Logistic regression is a 1-layer neural network
\[ z = w^T x + b \\ \hat y = \sigma(z) \]
Next step: add another layer.
| \[ z^{[1]}_1 = {w^{[1]}_1}^T x + b^{[1]}_1 \\ a^{[1]}_1 = \sigma(z^{[1]}_1) \] | \[ z^{[1]}_2 = {w^{[1]}_2}^T x + b^{[1]}_2 \\ a^{[1]}_2 = \sigma(z^{[1]}_2) \] | \[ z^{[1]}_3 = {w^{[1]}_3}^T x + b^{[1]}_3 \\ a^{[1]}_3 = \sigma(z^{[1]}_3) \] | \[ z^{[2]} = {w^{[2]}}^T a^{[1]} + b^{[2]} \\ \hat y = a^{[2]} = \sigma(z^{[2]}) \] |
More vectorization for hidden layer
\[ z^{[1]} = W^{[1]} x + b^{[1]} \\ a^{[1]} = \sigma(z^{[1]}) \]
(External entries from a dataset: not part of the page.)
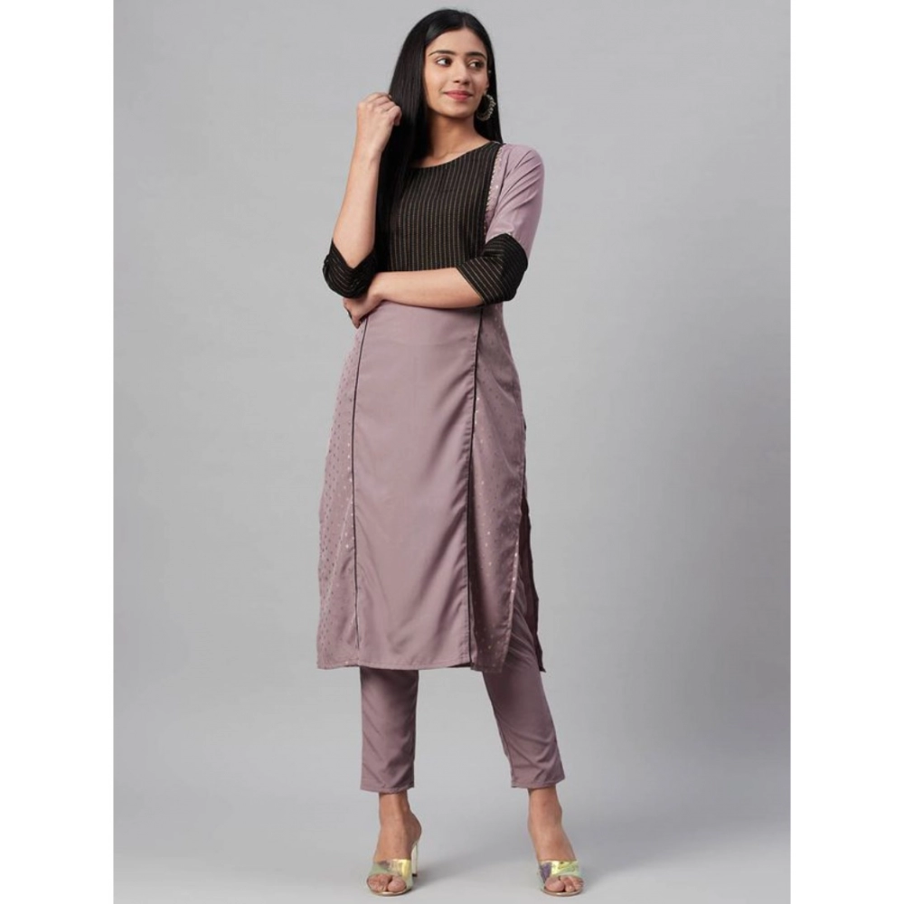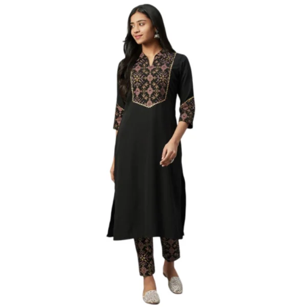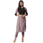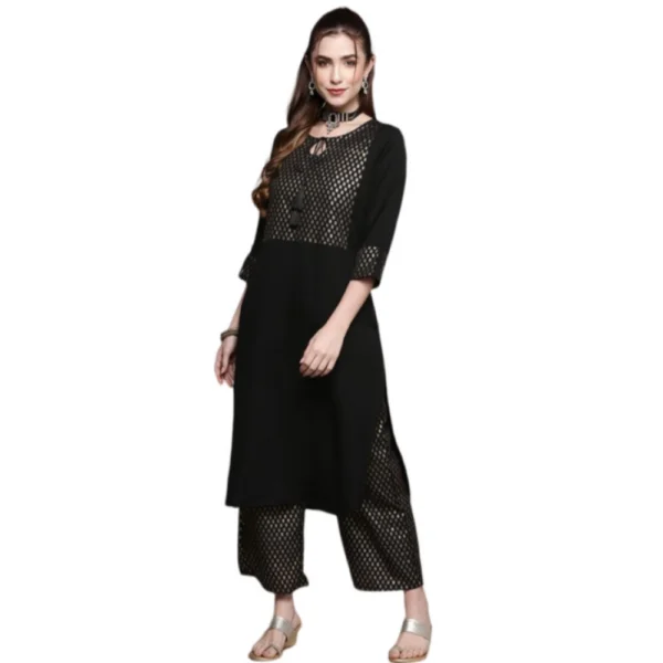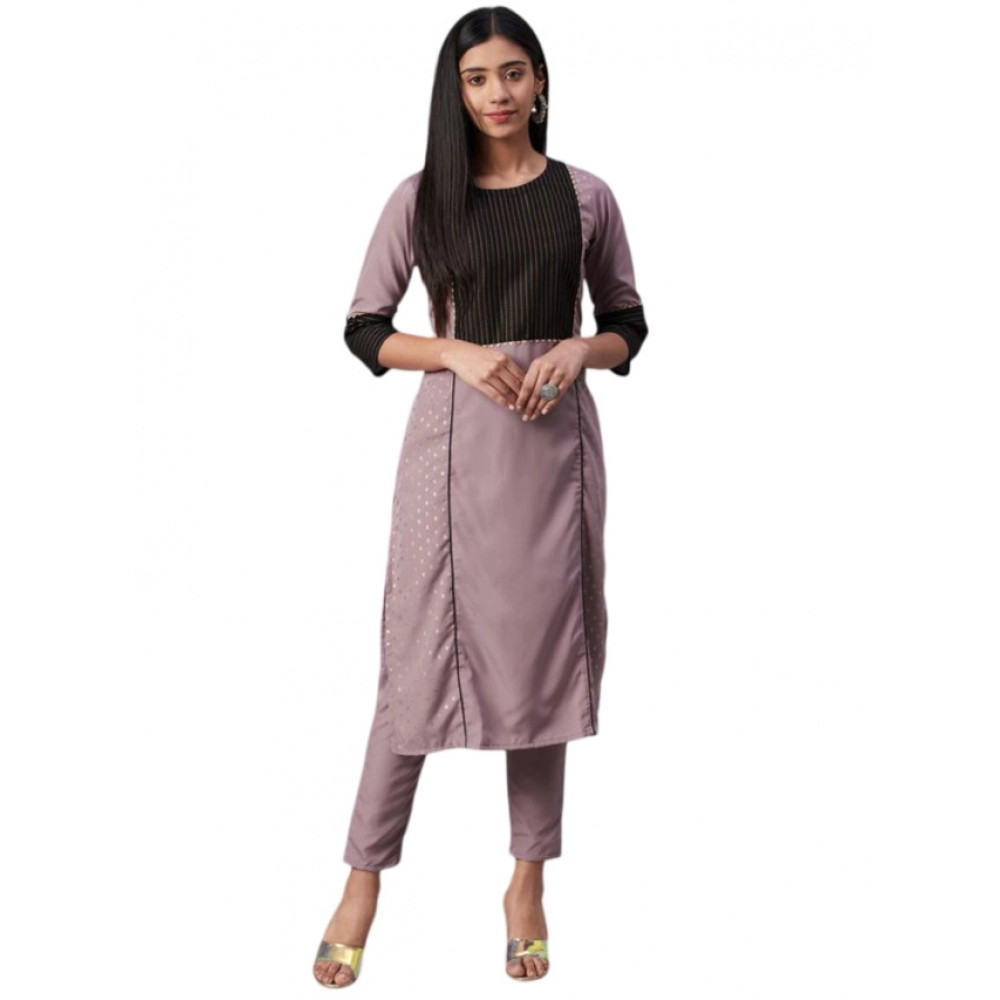 Women’s Casual 3-4Th Sleeve Ethnic Motifs Crepe Kurti and Pant Set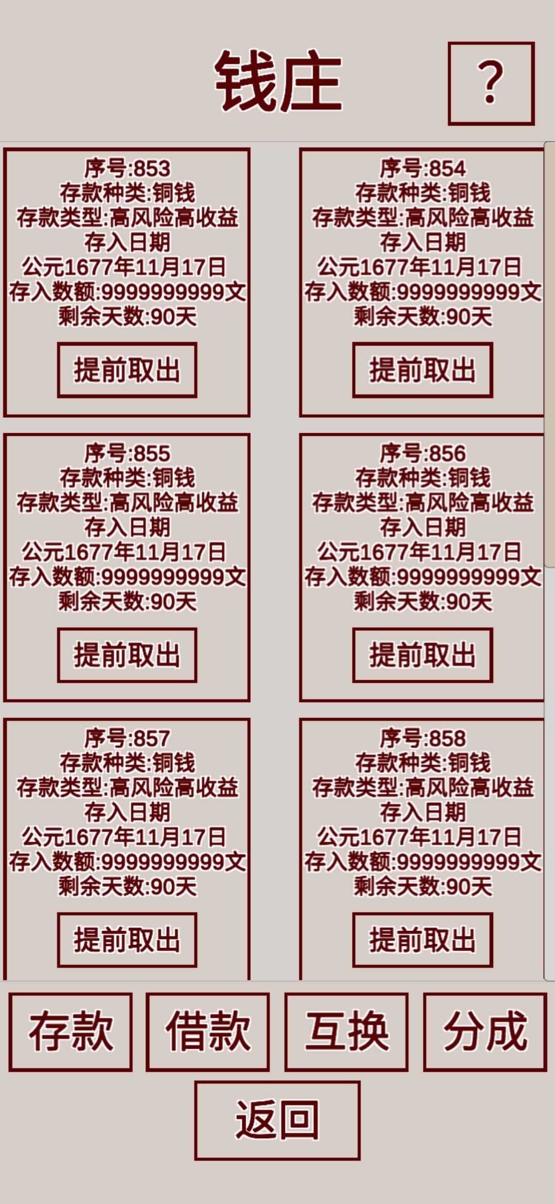 游戏最主要的赚钱方式就是往钱庄里存钱的功能,钱庄存钱最终目标一定是选高风险高收益90天(180-360天收益都是一样的),钱庄可以利用金钱积少成多的方式滚雪球(第一代家主开局务必把爵位刷最高官职最高,一个月差不多一万铜钱,第二代官职刷不刷无所谓)攒到20w开始存钱钱庄(高收益高风险)一年可以存3次,日复一日重复重复钱庄存钱操作,现实生活里刷一个钟左右(熬死了嘉庆熬死了万历,后面称帝不怕没钱),最重要的要记得等到了可以一次存钱99亿高风险高收益90天得到结算一次钱庄收益5亿一笔时,尽量在钱庄刷够10笔99亿高收益高风险存款,慢慢的一次收益达到50亿一次时多刷几次,下一步可以用作置办田产了(我的是50w亩管家管理),家族后代衣食无忧后代家主躺着刷年份从明末到清初会很爽。起义做帝王家,还不如做大明富商舒服,到时候如果有更新大航海时代玩法可以到海外搞万邦臣服,真香(好像记得开局选项选了爷爷是跟明太祖征战的将军,爸爸是富商,咱也不是吴三桂,就认大明做老东家了,所以我等到明灭了清上位再看心情推翻清揭竿起义)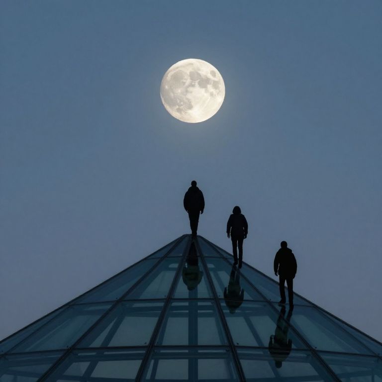 Photograph of three silhouetted figures walking up a glass pyramid at dusk, with a large, bright full moon in the clear blue sky above. The pyramid's glass panels reflect the moonlight, creating a contrast between the dark figures and the illuminated sky. The figures, dressed in dark clothing, are spaced evenly across the pyramid's peak, with one slightly ahead of the others. The overall composition emphasizes the stark, minimalist aesthetic and the interplay of light and shadow.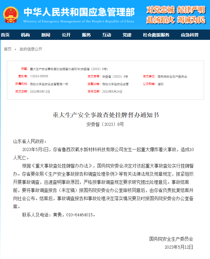 據(jù)應(yīng)急管理部消息,5月24日,國務(wù)院安全生產(chǎn)委員會發(fā)布重大生產(chǎn)安全事故查處掛牌督辦通知書。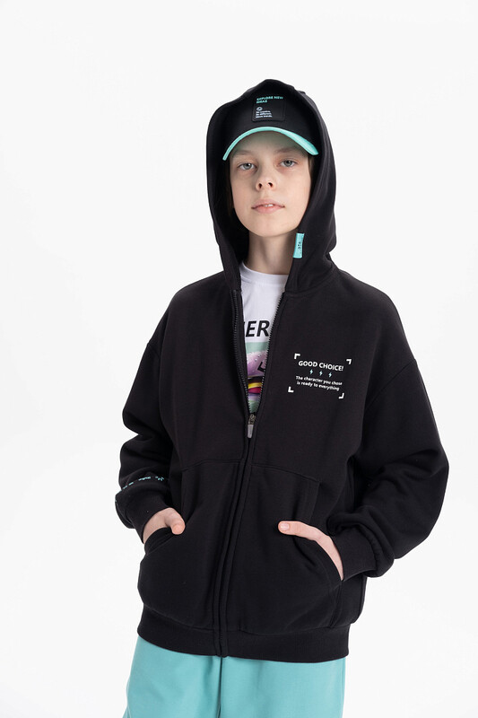 Состав: 87%хлопок 13%полиэстер Трикотажный бомбер для мальчика. Модель выполнена из плотного футера-петля. Изделие прямого силуэта, объем оверсайз. Манжеты рукавов и низ толстовки выполнены и рибаны. По переду накладные карманы. На спине принт с надписью. Перевод надписи: "easy" - легко. Спереди высокий резиновый текстовый принт и нашивка. Перевод надписей "Good choice! The character you chose is ready to everything" - хороший выбор! Выбранный персонаж готов ко всему. Рукава тоже декорированы принтом с надписью "digital" - диджитал. На капюшоне предусмотрена регулировка объема утяжкой. Зипка застегивается на молнию. Кофта спортивная имеет широкий размерный ряд, который подойдет как малышам так и подросткам. Подходит для круглогодичного ношения весной, летом, осенью и зимой. Комментарии к товару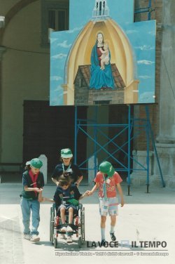 Acquisto foto "Bambini in pellegrinaggio a Loreto, accompagnano una compagna disabile"

\[ W^{[1]} = \begin{bmatrix} - & w^{[1]}_1 & - \\ - & w^{[1]}_2 & - \\ - & w^{[1]}_3 & - \end{bmatrix} \in \mathbb{R}^{3\times 3} \quad b^{[1]} = \begin{bmatrix} b^{[1]}_1 \\ b^{[1]}_2 \\ b^{[1]}_3 \end{bmatrix} \quad a^{[1]} = \begin{bmatrix} a^{[1]}_1 \\ a^{[1]}_2 \\ a^{[1]}_3 \end{bmatrix} \]
Putting it all together
\[ \hat y = \underbrace{\sigma(\underbrace{{w^{[2]}}^T \underbrace{\sigma(\underbrace{W^{[1]} x + b^{[1]}}_{z^{[1]}})}_{a^{[1]}} + b^{[2]}}_{z^{[2]}})}_{a^{[2]}} \]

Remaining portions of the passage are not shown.